9 No administrator is, however, going to embark on anything more than basic administration unless he, she or it has proper funding. Prima facie the only way in which any investigation is going to be funded is through the plaintiff permitting the asset devised to him to be at risk or, alternatively, paying moneys of his own to the administrator for investigation. This will provide some brake on any tendency for excessive administration costs, but because it is the plaintiff who is going to be under burden it seems to me that it is the plaintiff who should have the greater say as to who is to be the administrator.
10 Putting all the matters together I would consider from my experience in the Equity Division of this Court that it is more likely that an experienced company liquidator will have the ability by himself and with his staff to pursue proper inquiries rather than a trustee company or the Public Trustee which is used to more general administration and would probably have to contract out any investigation of misconduct.
11 Because of this and because of the rule that interest follows the grant, in my view it would be appropriate, despite the objections Mr Willmott makes, to appoint Mr Lord and Mr Kerr as joint administrators.
12 I should, however, briefly deal with the technicalities. The Wills Probate and Administration Act, 1898 (the “Act”) confers jurisdiction on this Court to appoint an administrator under ss 33 and 40. Particular powers are granted in ss 63, 74 and 75. The way in which the Act has been construed over the years is that unless there has been a statutory taking away of jurisdiction the Court plainly has power to grant administration whenever it considers it appropriate to do so; see Hamilton v Hamilton (1913) 30 WN (NSW) 46. Especially these days, when courts are "sensible" about allowing parties to compromise probate proceedings in situations which do not come within the exact words of either s 74 or s 75, the Court would be empowered to grant administration; see Re Potter [1899] P 265 and Re Swan (1909) 26 WN (NSW) 52. However, in the instant case the matter does, on the facts, fall within s 74(c) or within s 75(1)(a) of the Act. As to s 75(1)(a) I did say in Public Trustee v Permanent Trustee Co Ltd; The estate of Rintoul [1999] NSWSC 722 at para 12 that the order for administration can be granted to the applicant "or some other appropriate person who is a party to the proceedings". Mr Bevan has convinced me that I should have added after that sentence the words "or who otherwise consents to take a grant".

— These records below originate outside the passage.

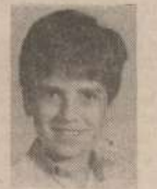
JOSÉ MANUEL DA SILVA SOTO TRAVESSA HENRIQUE GALVÃO, 31 V. N. GAIA - MIRAMAR 4405 VALADARES

EDITOR: ALTERNATIVE. GÉNERO: ACÇÃO. TECLAS: PODEM SER DEFINIDAS. JOYSTICKS: SINCLAIR/KEMPSTON. APRESENTAÇÃO: 12. SOM 48K: 7. GRÁFICOS: 14. USO DA COR: 12. MOVIMENTO: 12. ADICTIVIDADE: 9. TOTAL: 12. OPINIÃO: RAZOÁVEL!
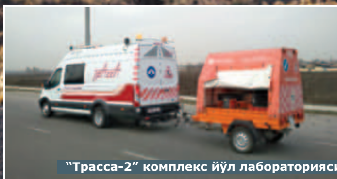
"Трасса-2" комплекс йўл лабораторияси ва унинг тизимлари
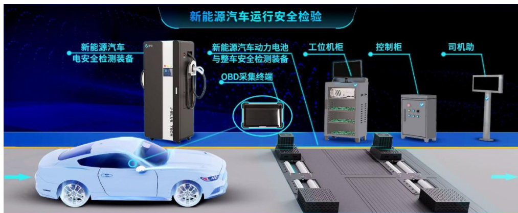
新能源汽车检验整体布局

公司联合中国汽研等头部公司，成立全国智能新能源汽车后市场行业产教融合共同体。与中国汽研达成战略合作，双方发挥各自优势，共建年检行业培训服务体系，开辟新能源汽车检验产教融合新模式。2023年在成都工业职业技术学院落地新能源汽车检验实训基地项目。
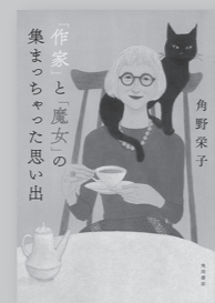
「作家」と「魔女」の 集まっちゃった思い出 角野 栄子/著 (KADOKAWA)
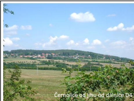
Černolice od jihu od dálnice D4
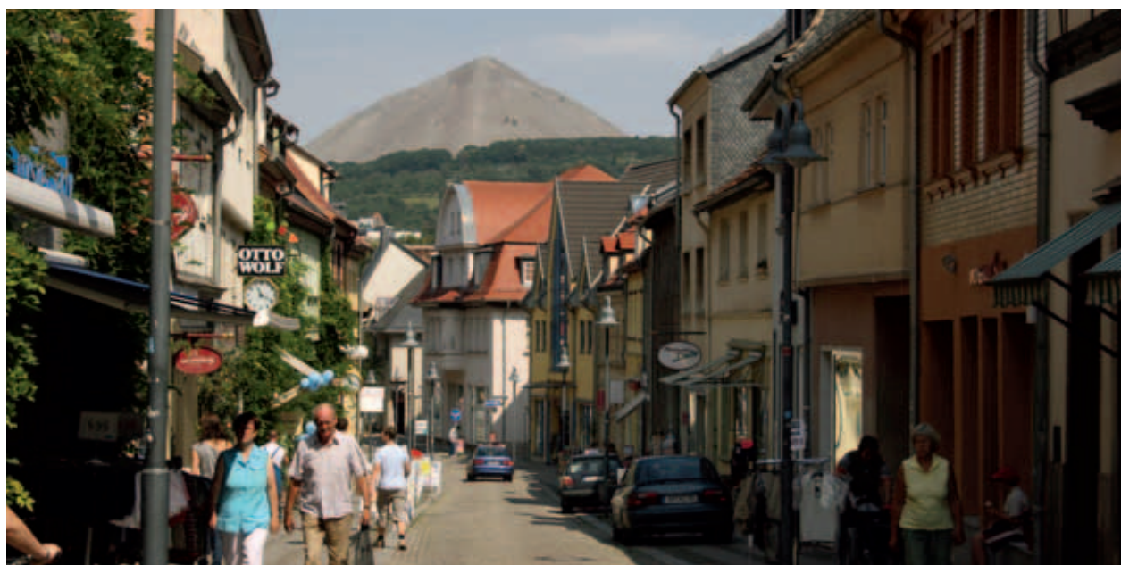
Blick zur Halde des Thomas-Müntzer-Schachtes

... und damit letztendlich die Sicherung und Schaffung von Arbeitsplätzen.
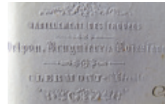
Fig. 32. Clermont-l'Hérault (Hérault), papier à en-tête de la société Delpon, Bru-guière et Boissière, 1865.

importantes de Lodève, l'outillage se compose d'environ 400 machines cardes ou drousses, de 800 métiers à tisser mécaniques, de plus de 150 fouleuses mécaniques. Le nombre des broches 152 des mull jenny doit dépasser d'après nos calculs 35 000 153 . À Clermont-l'Hérault, les 7 usines de la ville comptent 6 000 broches, 121 métiers mécaniques et 164 à bras 154 (fig.33, 34). Quant à Bédarieux, les 15 filatures représentent un ensemble d'environ 13 000 broches, tandis que ses manufactures utilisent encore 280 métiers à bras et 76 seulement à la mécanique 155 . Ces chiffres, avancés par l'auteur afin de souligner la mécanisation des équipements industriels 156 , révèlent également le maintien d'un grand nombre de métiers à bras dans les usines.
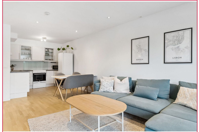
Stue med åpen kjøkkenløsning
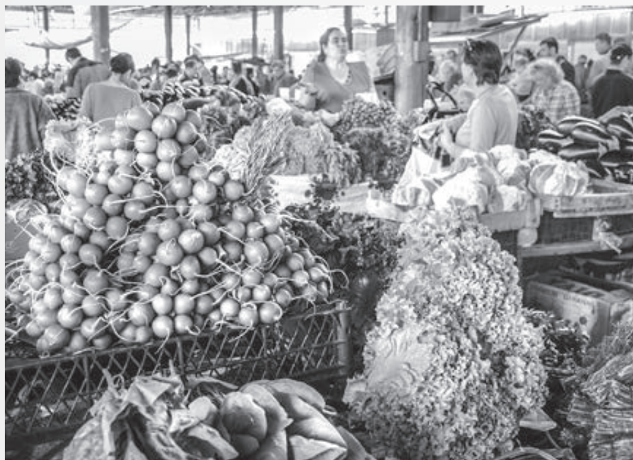
Trhovisko v moldavskej metropole je plné čerstvej zeleniny a ovocia

O budúcnosti Moldavska rozhodne to, ktorým smerom sa bude krajina orientovať.
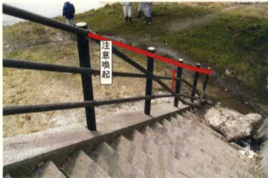
○脱落した手摺を仮設置し、注意喚起の表示をする。 4月28日まで実施し、夏休み前までに本補修する。
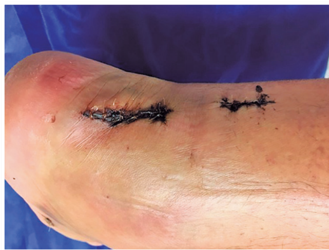
Figura 5 | Aspecto clínico final.

Uma bota gessada bem acolchoada foi aplicada no pós-operatório com quinze graus de equino, tendo sido trocada após três semanas para órtese (robofoot/walkerboot), momento em que foi liberada a marcha com muletas. A ferida operatória foi avaliada semanalmente. Na quarta semana pós-operatória foi iniciada fisioterapia com exercícios isométricos para panturrilha. Na sexta semana, ocorreu liberação da imobilização e manutenção da fisioterapia para fortalecimento e propriocepção por dois meses.
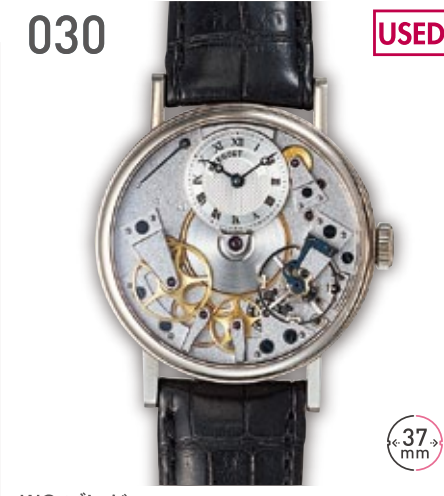
030 USED WG プレゲ トラディション 定価204万円 1,780,000円 (税込) 紳士 A
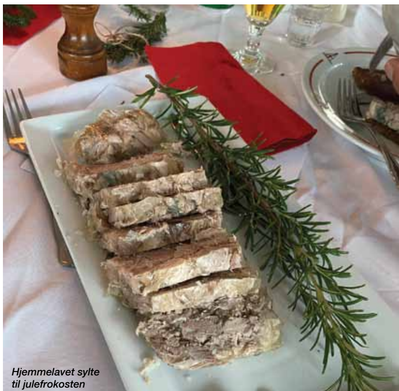
Hjemmelavet sylte til julefrokosten
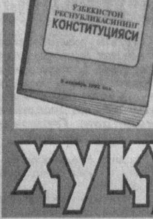
Фармойишда Асосий қонунимиз моҳиятини кенг омига онига сингдиршига қаратилган Конституцияни ўрганиш дастурини яратиш назарда тутилди. Шу мақсадда мутасадди вазирлар, рақбар ходимлар, ҳуқуқшунос олимлар ва мутахассислардан иборат нуфузли комиссия ҳам тузилди. Айни вақтда мазкур комиссия юқорида зикр этилган дастурини ишлаб чиқмоқда, шунингдек, барча даражадаги таълим турлари ҳусунларини инобатга олган ҳолда, Конституцияни ўрганишга оид махус ўқув курслар, дарсликлар яратиш учун маълум муаллифлар жамоаларини тасдиқлади. Тегинли экспертлар гуруҳларига мўжалланаётган ўқитиш дастурларини, методик кўрсатмаларни ва бошқа дидактик воситаларга қўйилган талабларни ишлаб чиқилиши топишти. Шу асосда мактабга тарбия муассасаларида тарбияланувчилар ва ўрта мактаб бошланғич синф ўқувчилари, умумий ўрта таълим тизими ўқувчилари, ўрта махус, касб-ҳунар коллежлари ва академик лицейлар ўқувчилари учун алоҳида дастур ҳамда методикалар ишлаб чиқилмоқда.

Конституциянинг худди ана шу говий, фалсафий, ҳуқуқий-мафқуравий, маърифий-тарбиявий салоҳиятини, мазмун-моҳиятини аҳоли кенг қатламлари, айниқса, ёшлар онига сингдирш мақсадида муҳтарам Президентимизнинг «Ўзбекистон Республикаси Конституциясини ўрганишни ташкил этиш тўғрисидаги Фармойиш қабул қилинди».
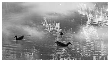
Дикі качки та чаплі – постійні мешканці цих місць
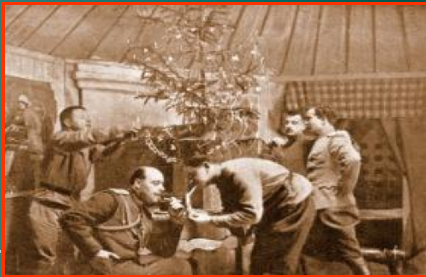
Ёлка в землянке. Новый 1917 год.
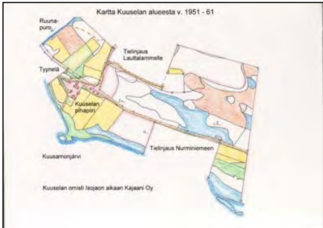
KUVIO 4 Kuuselan tilan isojakokartta vuodet 1951 – 61.
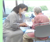
カフェコーナーでひと息
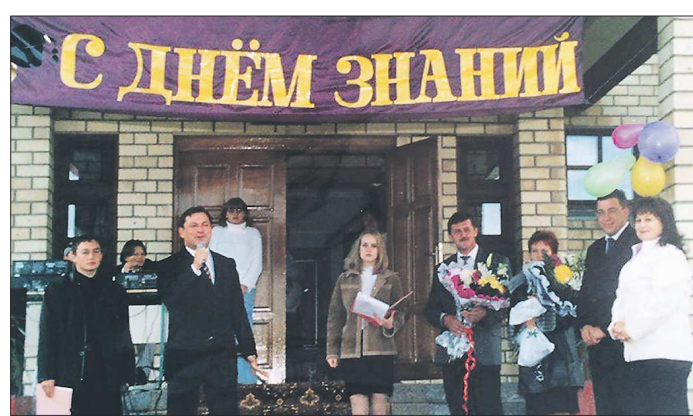
В конце 90-х годов Евгений Куйвашев работал в посёлке Пойковском — сначала помощником главы администрации, а затем и главой. На снимке: начало нового учебного года в Пойковском филиале ТюмГУ. Будущий глава Среднего Урала — второй справа
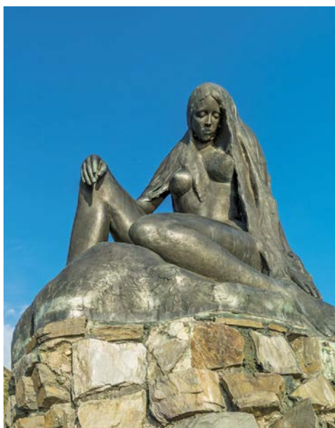
Lassen Sie sich von der Loreley betören

Heute endet Ihre erlebnisreiche Flussreise auf Rhein und Mosel. Ausschiffung nach dem Frühstück.
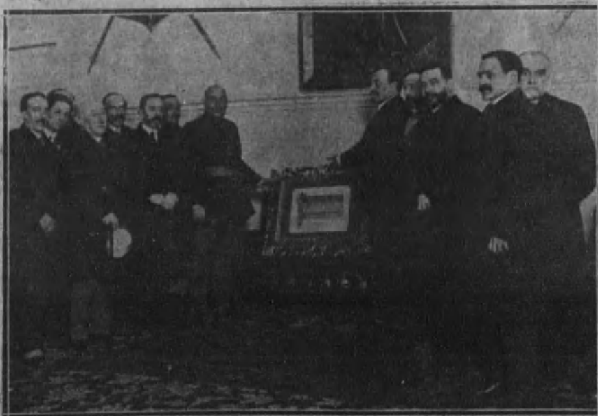
La Junta directiva del Centro Manchego entregando un artístico pergamino miniado al capitán general de Madrid.
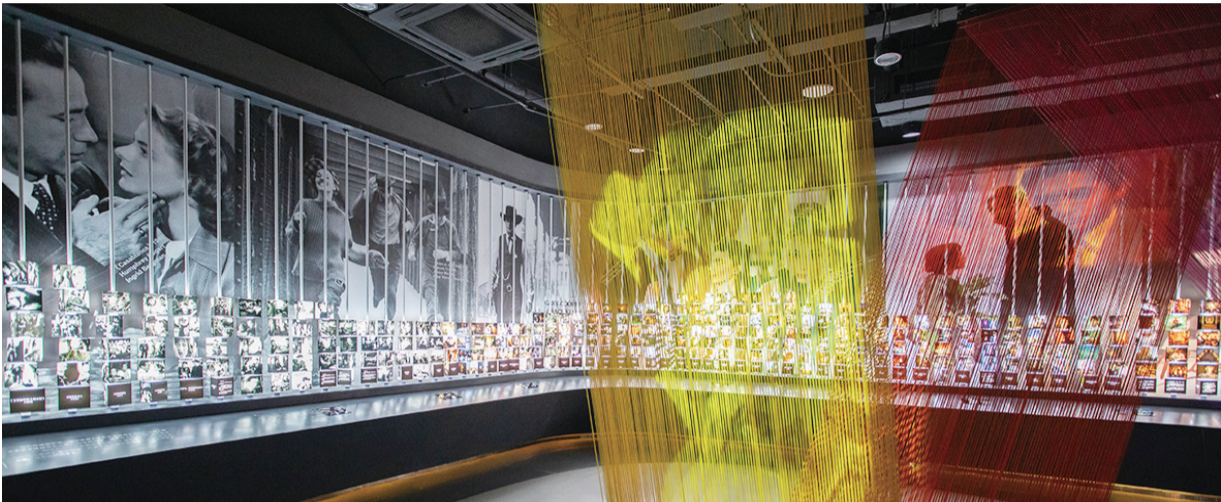
青岛电影博物馆世界厅。资料图
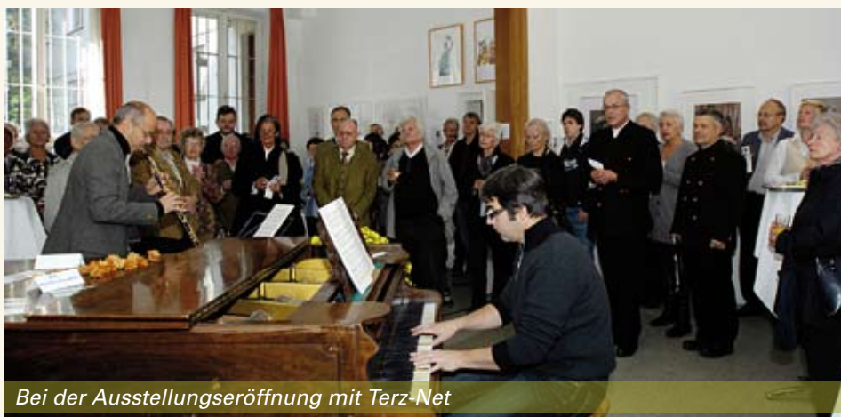
Bei der Ausstellungseröffnung mit Terz-Net

Auch eine Tombola zugunsten des Kinderhospiz durfte natürlich nicht fehlen.
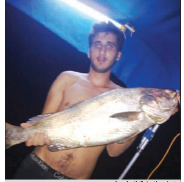
شماهي المحائق الجنوبية

للتواصل «بحري» صفحة تستقبلكم كل أربعاء بكل ما يعنى بالبحر وهواية الحدائق ● اسبوعيا نسلط الضوء على هذه الهواية، ونستقبل مشاركاتكم وصوركم وآراءكم. للتواصل معنا عبر هذه الصفحة أرسلوا تعليقاتكم على الایمیل: bahri@alanba.com.kw ● اعداد: عادي العززي

13 Accordingly, dealing with the short minutes submitted by the plaintiff, I make orders 1-5.
14 In my view some of the costs of these proceedings were brought about by the testator naming parties who could not work together as his executors. Part of the costs, accordingly, I think should be absorbed by the estate. It is very hard to work out just where one should draw the line. There are some matters that have occurred in the year 2000 which were realistically caused by the testator in the sense in which I have just used the expression, and there are probably some matters prior to the plaintiff's change of course on 20 September 1999 which would not have been reasonably sourced in the testator. However, doing the best I can and trying to avoid the further expense of cost assessor's apportionments, I think the proper order for costs is that the defendants pay the plaintiff's costs of these proceedings on and after 21 September 1999 and that the costs of both parties prior to that date may be paid out of the estate.
15 I have altered order 6 of the short minutes accordingly and I have added order 7 "Refer to Registrar to complete grant of administration cta". I have also added order 8 “Exhibits may be returned.”
16 So I make orders 1 to 8 in the amended short minutes of order initialled by me dated and place with the papers.